**EXERCISE REQUIREMENTS**
From the line containing "Сегодня хочу показать" to the last line of the listing, transcribe exactly and add nothing else; keep both ends and omit pictures.

*** EXERCISE DATA ***

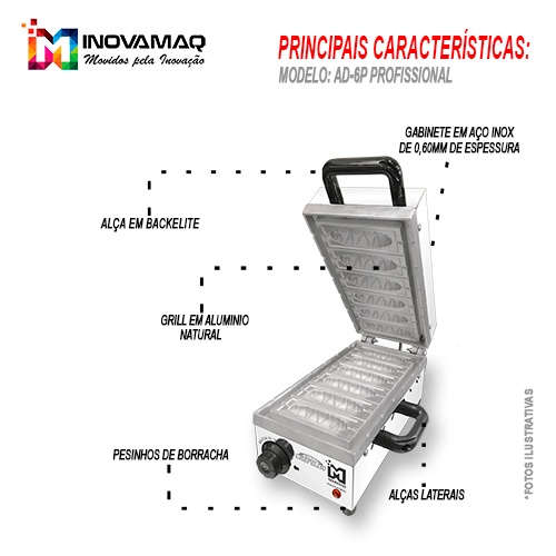 Máquina de crepe no palito INOVAMAQ modelo AD-6P Profissional para uso em buffet, lanchonetes, casas especializadas em crepes, festas e eventos em geral. Para você que procura pela melhor crepeira no palito, a INOVAMAQ é a sua melhor opção! AD-6P | Simplicidade, praticidade e robustez. Equipamento prático e robusto, sendo o melhor custo benefício do mercado, Equipamento de alta produção, capaz de Produzir 6 crepes no formato 4,5 x 13 cm, produção horária: 6 crepes a cada 5 minutos assando (Após 1º o aquecimento inicial de 15 Min), equipamento para uso EXCLUSIVO PROFISSIONAL, IDEAL P/: Buffet, Lanchonetes, casas especializadas em crepes, festas e eventos em geral. As máquinas de crepe no Palito CREPELITO 6 cavidades INOVAMAQ possuem estrutura em aço inoxidável 430 polido de alta qualidade. Equipada com 2 resistências tubulares de alta durabilidade e qualidade com 800 watts de potência cada, qualidade que proporcionam um aquecimento uniforme nos dois lados do grill. Sistema exclusivo de canaleta para coletar o produto em excesso. Excelente isolação térmica com lã de rocha e alças antitérmica. Grill em alumínio Natural (Revestimento de teflon consulte no menu acima) de alta qualidade com coletor nas bordas, exclusividade INOVAMAQ. Termostato de 50 a 300ºC e Luz piloto que indica aquecimento. Possui o 5º pesinho para melhorar a estabilidade do equipamento. Por que as máquinas de crepe no palito INOVAMAQ modelo AD-6P são as melhores ? São mais de 35 anos de experiência nesse tipo de equipamento, sem dúvidas a INOVAMAQ está muitos anos na frente em experiência, tecnologia e inovação. Todos os nossos produtos são desenvolvidos pensando na praticidade, segurança e funcionalidade, as máquinas de crepe no palito INOVAMAQ são robustas e podem ficar em uso o tempo que for necessário. Controlador de temperatura por termostato de 50 a 300ºC e luz piloto. Fabricadas com a melhor matéria prima e fino acabamento em corte laser, dobras e soldas perfeitas. Resistência elétrica tubular em aço inox com isolamento interno em lã de rocha. Como usar as máquinas de crepe no palito INOVAMAQ modelo AD-6P ? Pensando na praticidade do operador, as máquinas de crepe no palito INOVAMAQ são extremamente simples e de fácil operação, Termostato energiza a resistência do equipamento, a luz piloto indica resistência aquecendo. Qual tipo de recheios podem ser utilizados nas máquinas de crepe no palito INOVAMAQ modelo AD-6P ? Corte cubinhos na medida de 1x1cm de presunto e queijo, insira no palito de 20cm 4 cubinhos e deixe 1cm de palito sobrando na ponta, O palito ficará com 1x4cm de recheio, utilize também frutas como banana, morango, kiwi etc...Experimente utilizar chocolate do tipo batom (não precisa colocar o chocolate no palito somente em cima da massa, próximo do palito). Como fazer para que os crepes não grudem nos grills das máquinas de crepe no palito INOVAMAQ modelo AD-6P ? É normal os primeiros crepes no palito grudarem nas formas quando utilizado o equipamento com forma natural, o procedimento de fazer as placas ficarem antiaderente é muito simples, 1º aqueça o equipamento até a temperatura de 180ºC, 2º após desligar a luz piloto unte as placas (superior e inferior) com bastante margarina ou azeite utilizando um pincel de silicone para culinária (não incluso), após aplicar feche a placa e deixe “queimar” por 10 minutos, repita a operação mais 1x, pronto!!!, Outra dica extremamente importante é preparar a massa e o recheio na crepeira rapidamente, após fechar NÃO ESPIAR (abrir a placa) até passar o tempo de 4 a 5 minutos, após 4 minutos abra lentamente a placa e ajude o crepe descolar utilizando uma espátula. Como fazer pão de queijo no palito utilizando as máquinas de crepe no palito INOVAMAQ ? Quais são os modelos de máquinas de crepe no palito INOVAMAQ ? Trabalhamos com 3 Modelos diferentes de máquinas de crepe no palito INOVAMAQ: Modelos: AD-6P, AD-12P e AD-6G (BIG CREPÃO)
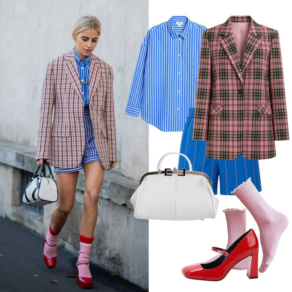 Сегодня хочу показать вам классный образ, который нашла на Пинтерест. Это вообще одно из самых часто используемых приложений на моем телефоне — постоянно нахожу там что-то интересное и вдохновляюсь красотой Этот образ с показа Prada 2020 до сих пор остается актуальным. И служит наглядной иллюстрацией того, что клетка прекрасно сочетается с полоской — хотя многие уверены, что это невозможно Чем еще хорош этот образ — его очень просто повторить. Клетчатый пиджак, рубашка и полосатые шорты — все это можно найти на маркетплейсах без особых усилий Но вот вопрос: как же вписать эти вещи в свой гардероб? Не хотите же вы оказаться в ситуации, когда купили шикарную вещь, а потом она пылится в шкафу, как укор вашей импульсивности? Копируя чужое, важно помнить: референс — это прекрасно, но нужно учитывать свой стиль и гардероб. Так вы сможете создать с новой вещью много гармоничных образов и избежите ощущения, что деньги были выброшены на ветер. А вы используете Пинтерест для референсов,
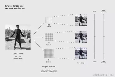 - 输出步幅:输出步幅会影响神经网络中层的高度和宽度。输出步幅越低,模型的准确率就会越高,但是相对的线上识别速度就会越慢。通俗的理解其实有点像图片的分辨率问题,步幅越低,图片的分辨率就越高,分辨率越高可以认为是图片更高清了,那么模型的识别准确度就会越高,对应的模型的识别速度就降低了。下面是同样一张照片使用不同步幅对模型准确率和识别速度的对比图:

*** End of EXERCISE DATA ***

**RESULT**
 Сегодня хочу показать вам классный образ, который нашла на Пинтерест. Это вообще одно из самых часто используемых приложений на моем телефоне — постоянно нахожу там что-то интересное и вдохновляюсь красотой Этот образ с показа Prada 2020 до сих пор остается актуальным. И служит наглядной иллюстрацией того, что клетка прекрасно сочетается с полоской — хотя многие уверены, что это невозможно Чем еще хорош этот образ — его очень просто повторить. Клетчатый пиджак, рубашка и полосатые шорты — все это можно найти на маркетплейсах без особых усилий Но вот вопрос: как же вписать эти вещи в свой гардероб? Не хотите же вы оказаться в ситуации, когда купили шикарную вещь, а потом она пылится в шкафу, как укор вашей импульсивности? Копируя чужое, важно помнить: референс — это прекрасно, но нужно учитывать свой стиль и гардероб. Так вы сможете создать с новой вещью много гармоничных образов и избежите ощущения, что деньги были выброшены на ветер. А вы используете Пинтерест для референсов,
 - 输出步幅:输出步幅会影响神经网络中层的高度和宽度。输出步幅越低,模型的准确率就会越高,但是相对的线上识别速度就会越慢。通俗的理解其实有点像图片的分辨率问题,步幅越低,图片的分辨率就越高,分辨率越高可以认为是图片更高清了,那么模型的识别准确度就会越高,对应的模型的识别速度就降低了。下面是同样一张照片使用不同步幅对模型准确率和识别速度的对比图:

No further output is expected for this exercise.